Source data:
[Start of section]
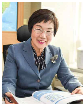
KOICA(한국국제개발협력단, Korea International Cooperation Agency) 이미경 이사장
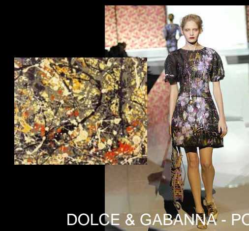
DOLCE & GABBANA - POLLOCK
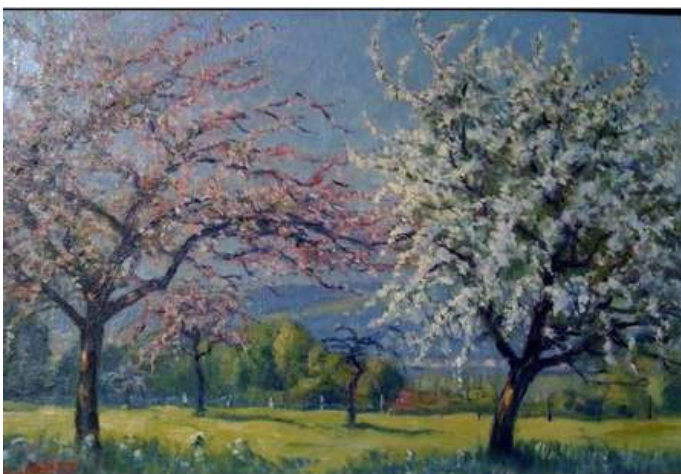
© Guilbert « Pommiers en fleurs » 57 x 74. Coll. part.
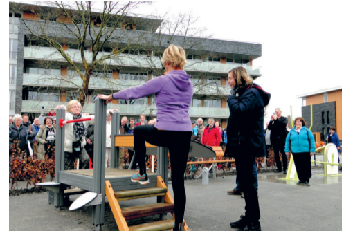
Bewegen in de Beweegtuin

Bakker & De Vos, Centrum voor bewegen en gezondheid, is een HKZ/Plus gecertificeerde fysiotherapiepraktijk, die zeer actief is in het stimuleren van bewegen.
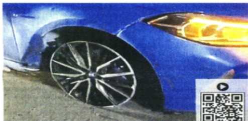
Los delincuentes lanzaron ponchallantas en la vía de cuota en Puebla.

"Nuestras relaciones diplomáticas con otros países, particularmente en el hemisferio occidental, darán prioridad a la seguridad de las fronteras de EU, a la detención de la migración ilegal, y a la negociación de la repatriación de los inmigrantes ilegales", dijo Rubio.
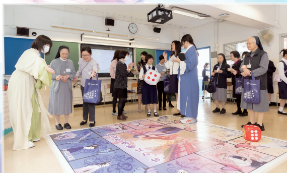
嘉賓參觀「文學環遊記」
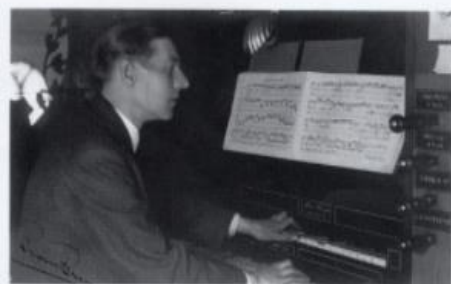
Aan het orgel van de Doopsgezinde Vermaning in Alkmaar.
[End of section]
● **Task item**:
Transcribe the lines above exactly, beginning at the one with "74. Coll. part." and ending at the one with "Los delincuentes lanzaron". Include both; exclude the pictures.

● **Reply to the exercise**:
© Guilbert « Pommiers en fleurs » 57 x 74. Coll. part.
Bewegen in de Beweegtuin

Bakker & De Vos, Centrum voor bewegen en gezondheid, is een HKZ/Plus gecertificeerde fysiotherapiepraktijk, die zeer actief is in het stimuleren van bewegen.
Los delincuentes lanzaron ponchallantas en la vía de cuota en Puebla.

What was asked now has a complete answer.